After more than a year considering our dossier, the prosecuting authorities informed us that the police did not intend investigating the matter. We then began the process of launching a review application before the SA High Court, asking that it review and set aside the decision that had been taken. Litigation is notoriously slow and cumbersome and after many rounds of exchanging legal papers we now finally have our court dates. As it is we think the dates are rather fortuitous — with developments in Zimbabwe suggesting that some of the political authorities are pushing for elections this year in violation of the Global Political Agreement and with fears that violence again will be used to intimidate and harass and there being no obvious domestic attempts to bring the culture of impunity to an end in Zimbabwe — the case, rather than just submission of our dossier, may have some appreciable impact ( the apprehension at least for those committing violence in Zimbabwe that their impunity ends at Zimbabwe’s borders).

What precedent do you hope to set?

As for precedent, the case, if successful, won’t itself usher in investigations and prosecutions but opens the way for these to happen.
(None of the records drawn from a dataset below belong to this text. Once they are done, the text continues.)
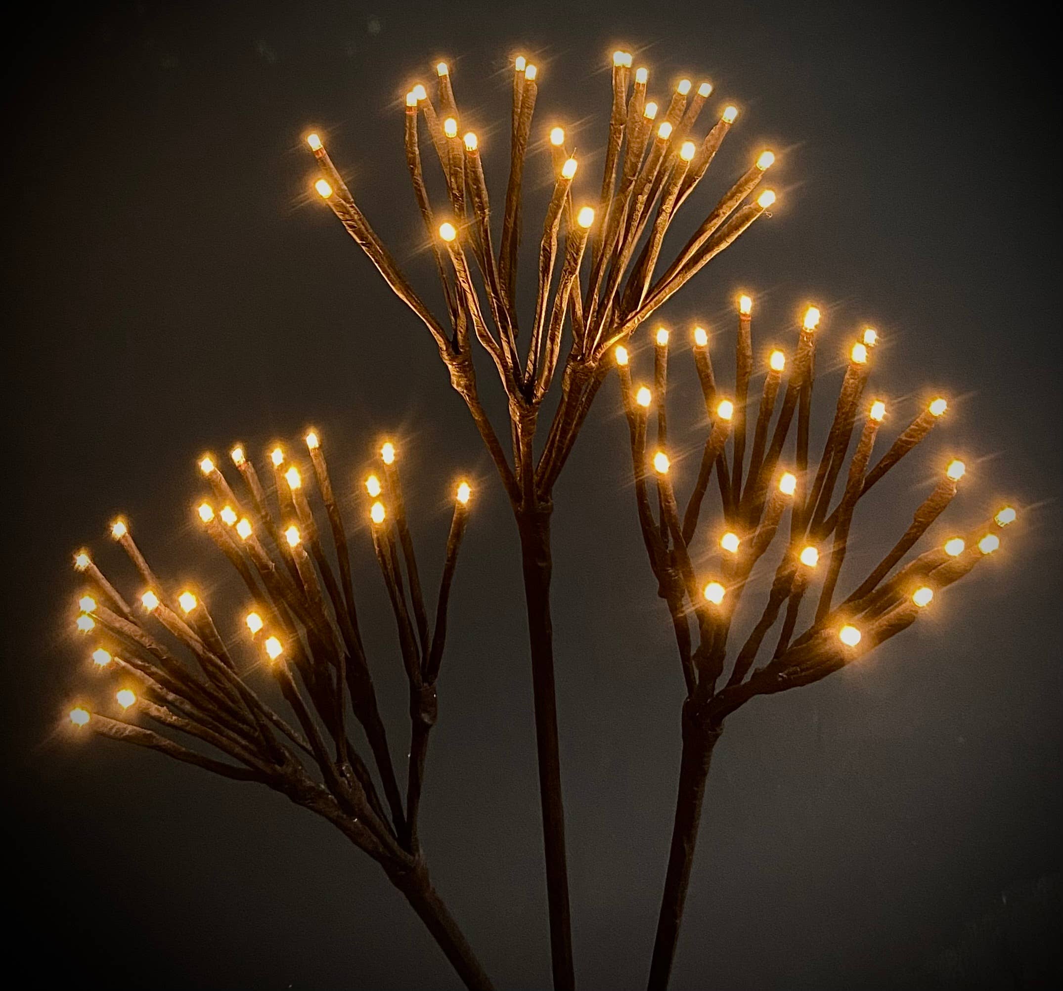 30" STARBURST WILLOW BRANCH WITH 72 LIGHT WARM WHITE LEDS Enjoy the beauty of these illuminated branches all year long. Perfect for parties, weddings or as a unique accent to add to your décor. Standard 110V electrical supply connects to a 24-Volt adapter. Convertible electric to battery with optional converter (sold separately item#184002.)
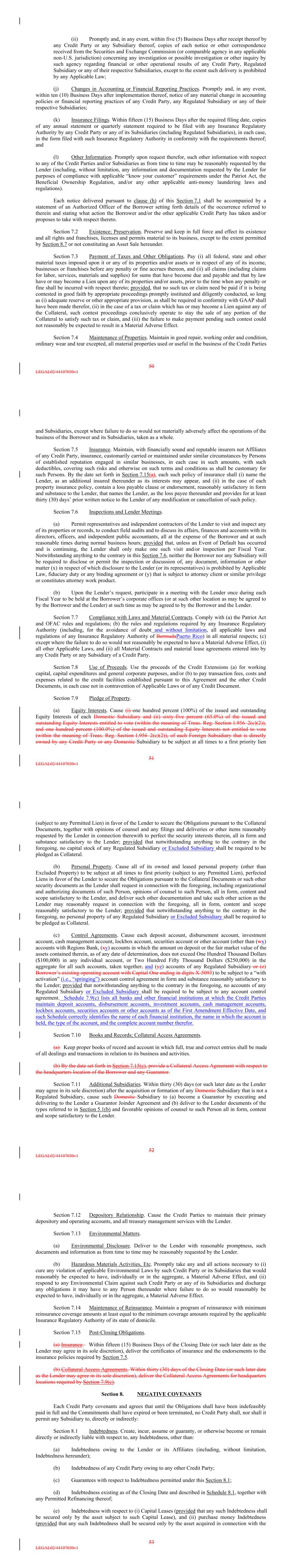 (ii) Promptly and, in any event, within five (5) Business Days after receipt thereof by any Credit Party or any Subsidiary thereof, copies of each notice or other correspondence received from the Securities and Exchange Commission (or comparable agency in any applicable non-U.S. jurisdiction) concerning any investigation or possible investigation or other inquiry by such agency regarding financial or other operational results of any Credit Party, Regulated Subsidiary or any of their respective Subsidiaries, except to the extent such delivery is prohibited by any Applicable Law; (j) Changes in Accounting or Financial Reporting Practices. Promptly and, in any event, within ten (10) Business Days after implementation thereof, notice of any material change in accounting policies or financial reporting practices of any Credit Party, any Regulated Subsidiary or any of their respective Subsidiaries; (k) Insurance Filings. Within fifteen (15) Business Days after the required filing date, copies of any annual statement or quarterly statement required to be filed with any Insurance Regulatory Authority by any Credit Party or any of its Subsidiaries (including Regulated Subsidiaries), in each case, in the form filed with such Insurance Regulatory Authority in conformity with the requirements thereof; and (l) Other Information. Promptly upon request therefor, such other information with respect to any of the Credit Parties and/or Subsidiaries as from time to time may be reasonably requested by the Lender (including, without limitation, any information and documentation requested by the Lender for purposes of compliance with applicable “know your customer” requirements under the Patriot Act, the Beneficial Ownership Regulation, and/or any other applicable anti-money laundering laws and regulations). Each notice delivered pursuant to clause (h) of this Section 7.1 shall be accompanied by a statement of an Authorized Officer of the Borrower setting forth details of the occurrence referred to therein and stating what action the Borrower and/or the other applicable Credit Party has taken and/or proposes to take with respect thereto. Section 7.2 Existence; Preservation. Preserve and keep in full force and effect its existence and all rights and franchises, licenses and permits material to its business, except to the extent permitted by Section 8.7 or not constituting an Asset Sale hereunder. Section 7.3 Payment of Taxes and Other Obligations. Pay (i) all federal, state and other material taxes imposed upon it or any of its properties and/or assets or in respect of any of its income, businesses or franchises before any penalty or fine accrues thereon, and (ii) all claims (including claims for labor, services, materials and supplies) for sums that have become due and payable and that by law have or may become a Lien upon any of its properties and/or assets, prior to the time when any penalty or fine shall be incurred with respect thereto; provided, that no such tax or claim need be paid if it is being contested in good faith by appropriate proceedings promptly instituted and diligently conducted, so long as (i) adequate reserve or other appropriate provision, as shall be required in conformity with GAAP shall have been made therefor, (ii) in the case of a tax or claim which has or may become a Lien against any of the Collateral, such contest proceedings conclusively operate to stay the sale of any portion of the Collateral to satisfy such tax or claim, and (iii) the failure to make payment pending such contest could not reasonably be expected to result in a Material Adverse Effect. Section 7.4 Maintenance of Properties. Maintain in good repair, working order and condition, ordinary wear and tear excepted, all material properties used or useful in the business of the Credit Parties 50 LEGAL02/44107030v1 and Subsidiaries, except where failure to do so would not materially adversely affect the operations of the business of the Borrower and its Subsidiaries, taken as a whole. Section 7.5 Insurance. Maintain, with financially sound and reputable insurers not Affiliates of any Credit Party, insurance, customarily carried or maintained under similar circumstances by Persons of established reputation engaged in similar businesses, in each case in such amounts, with such deductibles, covering such risks and otherwise on such terms and conditions as shall be customary for such Persons. By the date set forth in Section 7.15(a), each such policy of insurance shall (i) name the Lender, as an additional insured thereunder as its interests may appear, and (ii) in the case of each property insurance policy, contain a loss payable clause or endorsement, reasonably satisfactory in form and substance to the Lender, that names the Lender, as the loss payee thereunder and provides for at least thirty (30) days’ prior written notice to the Lender of any modification or cancellation of such policy. Section 7.6 Inspections and Lender Meetings. (a) Permit representatives and independent contractors of the Lender to visit and inspect any of its properties or records, to conduct field audits and to discuss its affairs, finances and accounts with its directors, officers, and independent public accountants, all at the expense of the Borrower and at such reasonable times during normal business hours; provided that, unless an Event of Default has occurred and is continuing, the Lender shall only make one such visit and/or inspection per Fiscal Year. Notwithstanding anything to the contrary in this Section 7.6, neither the Borrower nor any Subsidiary will be required to disclose or permit the inspection or discussion of, any document, information or other matter (x) in respect of which disclosure to the Lender (or its representatives) is prohibited by Applicable Law, fiduciary duty or any binding agreement or (y) that is subject to attorney client or similar privilege or constitutes attorney work product. (b) Upon the Lender’s req
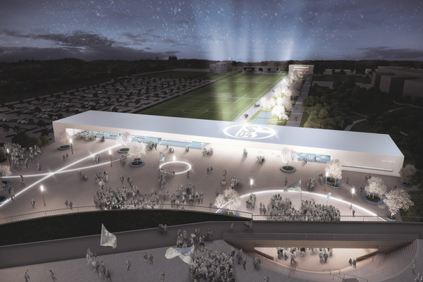 Umbau des gesamten Vereinsgeländes in Gelsenkirchen: Vereinszentrale mit Geschäftsstelle mit Büros, Konferenzbereich und Mensa, Nachwuchs- und Profibereich mit Internat und Hotel, Fan- und Besucherzentrum mit Fanshop (Tor auf Schalke)
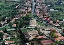 The baroque Allsaints church was built in 1726 under Count György Széchenyi. Besides the church is a small calvary.
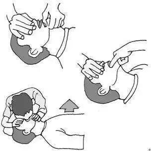 溺水者被救上岸后,使溺水者头朝下,立刻撬开其牙齿,用手指清除口腔和鼻腔内杂物,再用手掌迅速连续击打其肩后背部,让其呼吸道畅通,并确保舌头不会向后堵住呼吸通道。
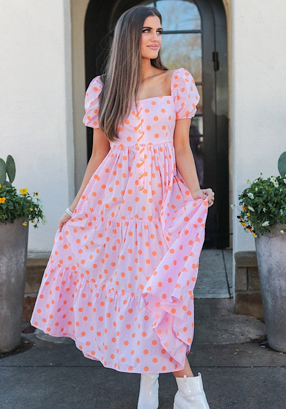 For an effortless look choose the Pattern Play Prairie dress in Patterned Pink by beach wear designer Pitusa. The midi length dress features a subtle sweetheart neckline with short puffed sleeves and a button down front. Complete with a tiered skirt in statement Patterned Pink print, a must have addition to your wardrobe.
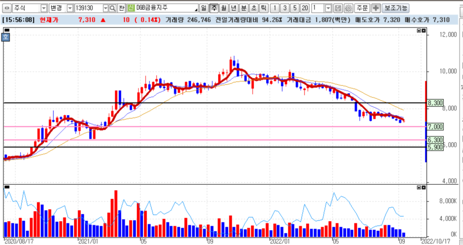 1. 주봉만 봅시다. 지금 거래량 없이 그냥 흐르는 차트라 일봉을 볼 필요가 없습니다. 보수적으로 생각해서 작년 배당이 630원이었는데 최소한 올해 그 정도만 준다고 가정해 볼 때 배당 9프로 라인이 7000원입니다. 그리고 10프로 라인은 6300원입니다. 더불어 은행섹터 전반적으로 배당성향이 증가하는 추세라 아마도 올해 배당이 630원 보다 증가할 가능성이 매우 큽니다. 그렇다면 7000원 이하로 하락하면 6300원까지, 그냥 버티기 심심하니 조금씩 매수해서 비중 100프로 만들기 바랍니다. 이런 자리에서 구태여 리밸런싱 할 필요도 없다고 봅니다.
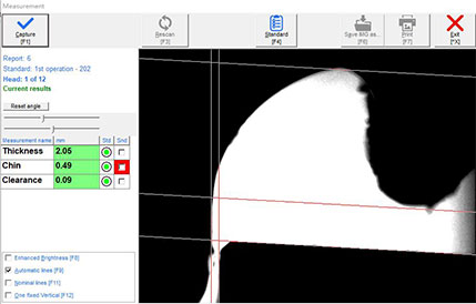 The Semi-Automatic Combination Seam Gauge provides automated seam thickness and countersink depth measurements, including the option of a 360° scan of seam thickness.
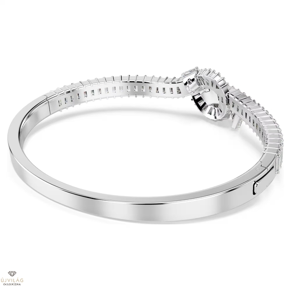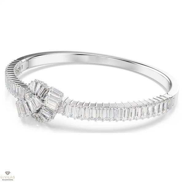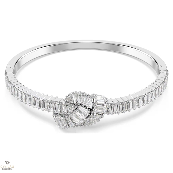 Ez a Swarovski karperec ügyesen össze van kötve egy drámai fénycsomóvá. A szalag ihlette, ródiumbevonatú formavilágot baguette metszésű Swarovski Zirconia kristályok kifinomult díszítése teszi teljessé, amelyek mindegyike prong foglalatban helyezkedik el. Ez a művészi karperec ragyogóan karakteres megjelenést kölcsönöz a csuklónak, és más hozzáillő ékszerekkel párosítva összehangolt megjelenést hozhat létre. Méretek: Hossz: 18.3 cm. Belső átmérő: 6.2 x 5.4 cm. Minta mérete: 1.4 x 1.8 cm. Nyitott rész szélessége: 7 cm
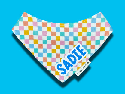 This colorful checkered dog bandana is a vibrant and stylish accessory that adds a pop of fun to your dog's look. It features a convenient snap-on design for easy and secure fastening, making it hassle-free to put on and take off. Personalized with your dog's name, this bandana offers a unique and charming touch tailored just for your furry friend. Perfect for everyday wear or special occasions, it combines comfort, durability, and personality in one fashionable piece.
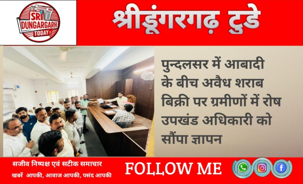 गांव पुन्दलसर में आबादी क्षेत्र के बीचों बीच अवैध शराब की बिक्री से ग्रामीणों में आक्रोश फैल गया है। गुरुवार को गांववासियों ने सामूहिक रूप से उपखंड अधिकारी को ज्ञापन सौंपकर ठेका तुरंत बंद करवाने की मांग की। ग्रामीणों का कहना है कि सामुदायिक भवन के पास सार्वजनिक चौपाल के पास अवैध शराब के ठेके का संचालन किया जा रहा है। यह ठेका महज 50-60 मीटर की दूरी पर स्थित राजकीय उच्च माध्यमिक विद्यालय और आंगनबाड़ी केंद्र के नजदीक है। वहीं 30 मीटर दूर जमवाय माता मंदिर और ठाकुरजी का मंदिर भी स्थित हैं। पास ही गांव का मुख्य कुआं और सनातन संस्कृति का प्रतीक पीपल वृक्ष है। श्मशान भूमि और गौशाला भी इसी क्षेत्र में हैं। यह रास्ता पंचायत भवन, टैक्सी स्टैंड और श्रीडूंगरगढ़ जाने के लिए मुख्य मार्ग है। ग्रामवासियों ने बताया कि इस ठेके के कारण चौपाल और आसपास के इलाके में दिन रात असामाजिक तत्वों का जमावड़ा रहता है। महिलाएं, छात्र छात्राएं, गौसेवक और श्रद्धालु असहज माहौल में परेशान हो रहे हैं। वहीं, किसी भी अप्रिय घटना की आशंका बनी हुई है। गौरतलब है कि वर्ष 2019 में ग्राम सभा की सर्वसम्मति से प्रस्ताव पारित कर गांव की आबादी से दूर शराब बिक्री पर प्रतिबंध लगाया गया था। उस समय भी ज्ञापन पुलिस थानाधिकारी, उपखंड अधिकारी और जिला कलक्टर को दिया गया था, लेकिन अब एक बार फिर उसी नियम की धज्जियां उड़ाते हुए ठेके का संचालन हो रहा है।इसके साथ ही ग्रामीणों ने सीबीईओ को भी ज्ञापन सौंपा है और शराब ठेके को हटवाने की बात कही है।ग्रामीणों ने चेतावनी दी है कि यदि शीघ्र कार्रवाई नहीं की गई तो मजबूरन धरना-प्रदर्शन करना पड़ेगा और आंदोलन के दौरान किसी भी प्रकार की जनहानि या उपद्रव की स्थिति बनी तो इसकी पूरी जिम्मेदारी प्रशासन की होगी।

If the court upholds our arguments, it may order that the prosecuting authorities have acted unlawfully in their treatment of our dossier, that they didn’t give it the consideration required and that their initial decision not to investigate/prosecute is set aside and they must apply their minds anew to our submissions. It would mean that the court would underline the importance of SA’s international obligations vis-à-vis the International Criminal Court, the high principle at stake and the care and importance SA must accord charges of crimes against humanity, war crimes, genocide. It will be the first time a SA court is asked to make a determination regarding SA’s ICC Act and globally would serve to affirm the ongoing importance of universal jurisdiction laws. It will also point to the fact that international criminal justice is not only secured on the international realm but perhaps most importantly within domestic jurisdictions.

What do we expect?

We believe we have a very strong case and so we’re anticipating a positive outcome.